◆ TASK INSTRUCTIONS: Each line in the material below, starting at the one that contains "In July, the" and ending at the one that contains "and creative brands.", should be repeated exactly; the pictures should not.

◆ SOURCE MATERIAL:
------
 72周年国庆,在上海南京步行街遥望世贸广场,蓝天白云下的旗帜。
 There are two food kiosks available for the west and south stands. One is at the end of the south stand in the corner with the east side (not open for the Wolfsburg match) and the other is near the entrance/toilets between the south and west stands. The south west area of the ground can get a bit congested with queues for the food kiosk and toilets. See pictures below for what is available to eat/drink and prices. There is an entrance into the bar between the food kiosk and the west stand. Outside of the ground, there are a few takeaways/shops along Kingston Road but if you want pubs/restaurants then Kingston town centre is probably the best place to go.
------
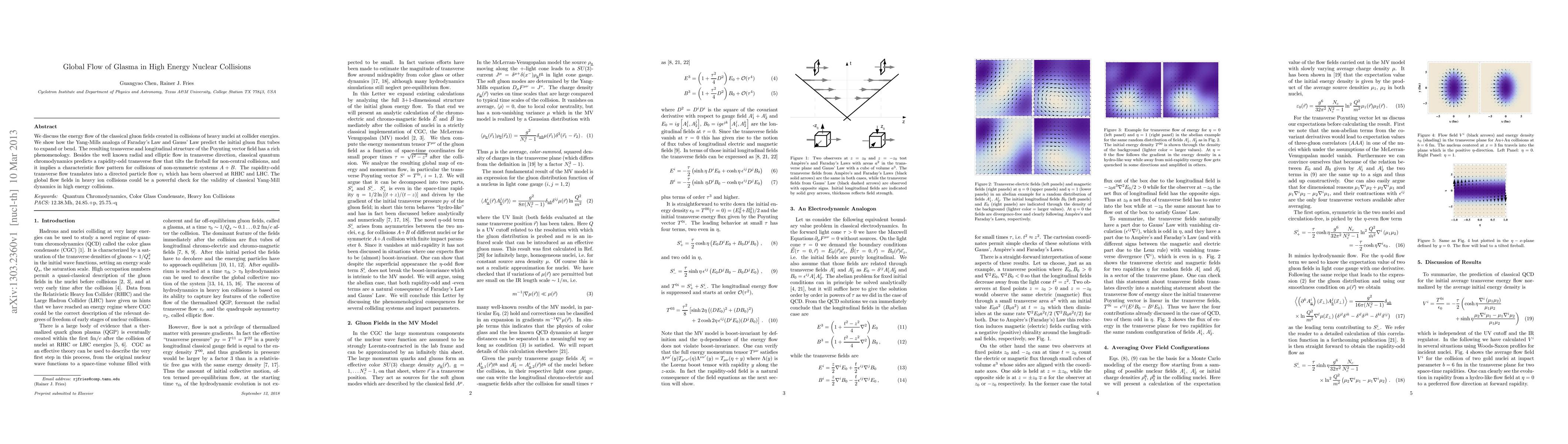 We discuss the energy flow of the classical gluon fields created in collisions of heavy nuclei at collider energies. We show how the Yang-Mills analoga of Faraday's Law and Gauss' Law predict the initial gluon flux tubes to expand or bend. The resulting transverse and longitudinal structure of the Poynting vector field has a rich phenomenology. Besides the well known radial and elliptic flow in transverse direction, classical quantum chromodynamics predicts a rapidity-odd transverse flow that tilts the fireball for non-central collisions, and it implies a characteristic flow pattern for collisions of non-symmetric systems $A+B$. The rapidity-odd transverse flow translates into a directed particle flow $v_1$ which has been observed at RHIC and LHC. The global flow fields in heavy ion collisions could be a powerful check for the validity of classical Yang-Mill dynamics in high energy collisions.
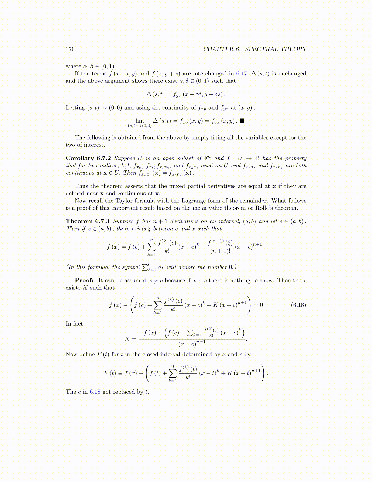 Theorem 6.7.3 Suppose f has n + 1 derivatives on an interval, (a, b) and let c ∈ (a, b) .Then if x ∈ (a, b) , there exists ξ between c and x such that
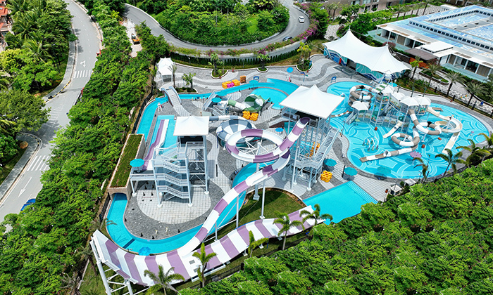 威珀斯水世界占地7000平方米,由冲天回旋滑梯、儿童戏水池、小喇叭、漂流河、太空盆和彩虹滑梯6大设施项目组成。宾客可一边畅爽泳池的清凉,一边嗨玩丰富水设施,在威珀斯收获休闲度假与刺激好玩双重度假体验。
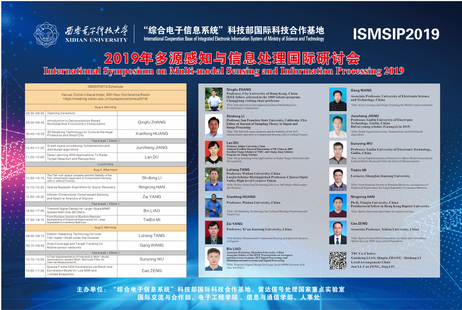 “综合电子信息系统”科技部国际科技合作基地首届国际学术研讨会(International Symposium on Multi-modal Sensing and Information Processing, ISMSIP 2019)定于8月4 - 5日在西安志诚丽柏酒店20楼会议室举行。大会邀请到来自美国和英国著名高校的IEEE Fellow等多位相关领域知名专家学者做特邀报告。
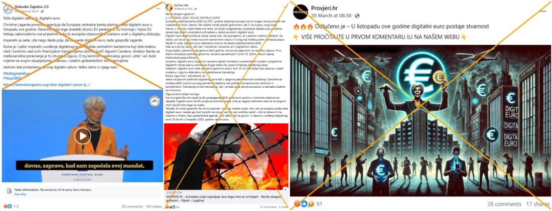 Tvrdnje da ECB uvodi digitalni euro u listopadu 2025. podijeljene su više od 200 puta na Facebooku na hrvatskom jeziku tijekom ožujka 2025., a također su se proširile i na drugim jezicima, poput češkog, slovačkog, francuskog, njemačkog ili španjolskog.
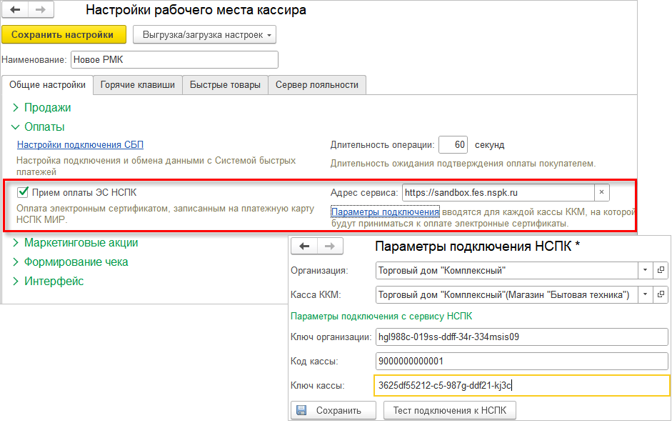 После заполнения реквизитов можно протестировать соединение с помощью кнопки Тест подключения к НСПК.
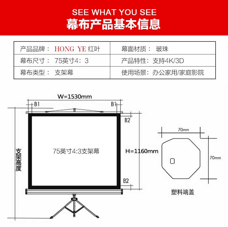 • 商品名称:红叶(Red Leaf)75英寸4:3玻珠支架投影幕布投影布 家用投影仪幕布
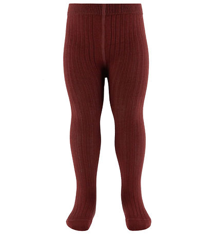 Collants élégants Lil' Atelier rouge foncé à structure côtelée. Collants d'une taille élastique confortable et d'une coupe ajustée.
------
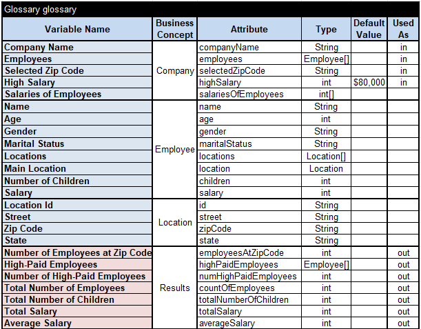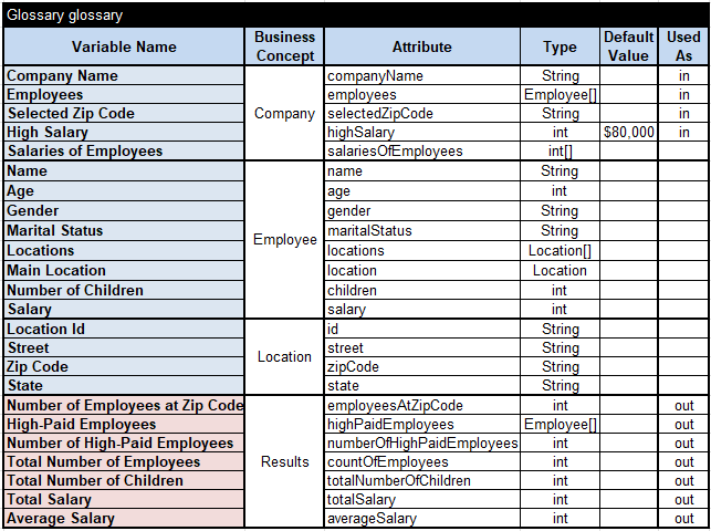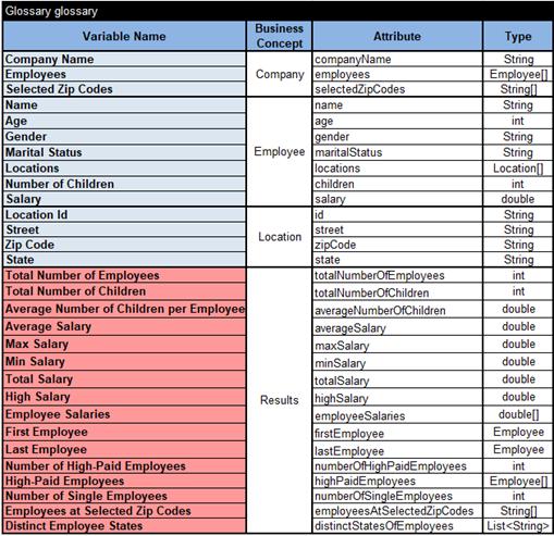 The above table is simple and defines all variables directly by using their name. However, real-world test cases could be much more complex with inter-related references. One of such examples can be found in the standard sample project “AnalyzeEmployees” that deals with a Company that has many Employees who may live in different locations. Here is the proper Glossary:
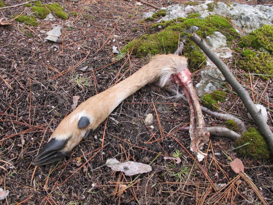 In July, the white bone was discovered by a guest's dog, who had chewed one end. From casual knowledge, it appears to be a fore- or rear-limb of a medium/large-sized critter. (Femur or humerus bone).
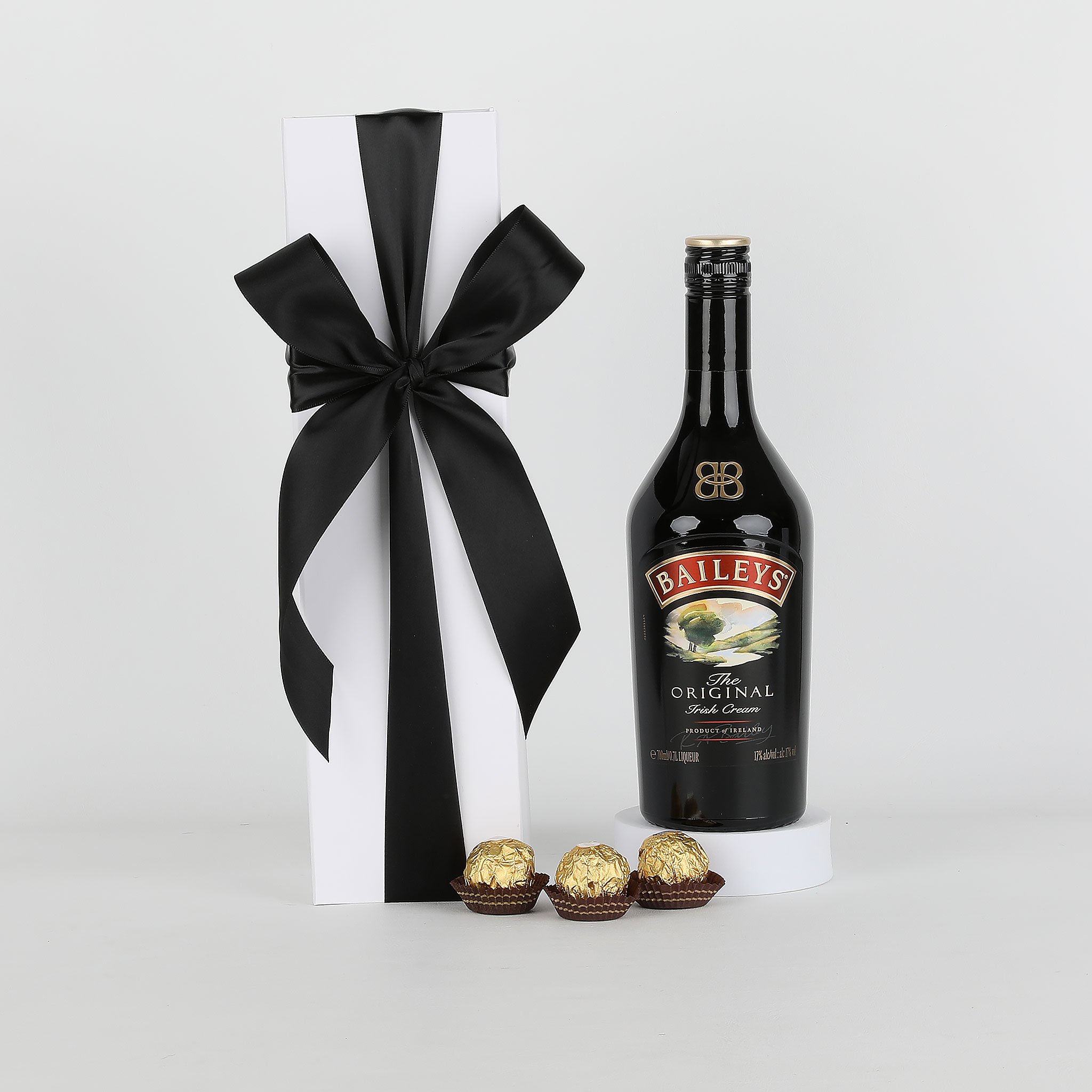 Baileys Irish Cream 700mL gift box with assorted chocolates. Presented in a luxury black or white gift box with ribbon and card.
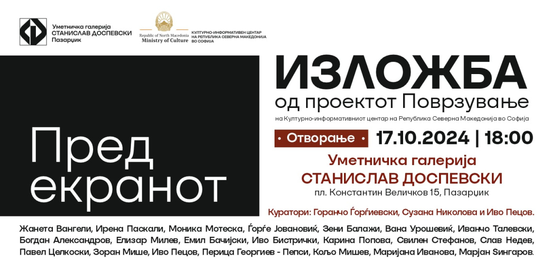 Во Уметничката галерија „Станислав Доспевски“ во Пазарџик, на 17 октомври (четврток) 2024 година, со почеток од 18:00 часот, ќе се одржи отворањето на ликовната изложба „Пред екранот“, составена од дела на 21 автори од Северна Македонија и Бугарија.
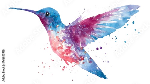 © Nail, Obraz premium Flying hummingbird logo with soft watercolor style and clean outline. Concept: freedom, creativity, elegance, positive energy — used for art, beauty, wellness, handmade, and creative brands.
------
◆ RESPONSE TO THIS TASK:
 In July, the white bone was discovered by a guest's dog, who had chewed one end. From casual knowledge, it appears to be a fore- or rear-limb of a medium/large-sized critter. (Femur or humerus bone).
 Baileys Irish Cream 700mL gift box with assorted chocolates. Presented in a luxury black or white gift box with ribbon and card.
 Во Уметничката галерија „Станислав Доспевски“ во Пазарџик, на 17 октомври (четврток) 2024 година, со почеток од 18:00 часот, ќе се одржи отворањето на ликовната изложба „Пред екранот“, составена од дела на 21 автори од Северна Македонија и Бугарија.
 © Nail, Obraz premium Flying hummingbird logo with soft watercolor style and clean outline. Concept: freedom, creativity, elegance, positive energy — used for art, beauty, wellness, handmade, and creative brands.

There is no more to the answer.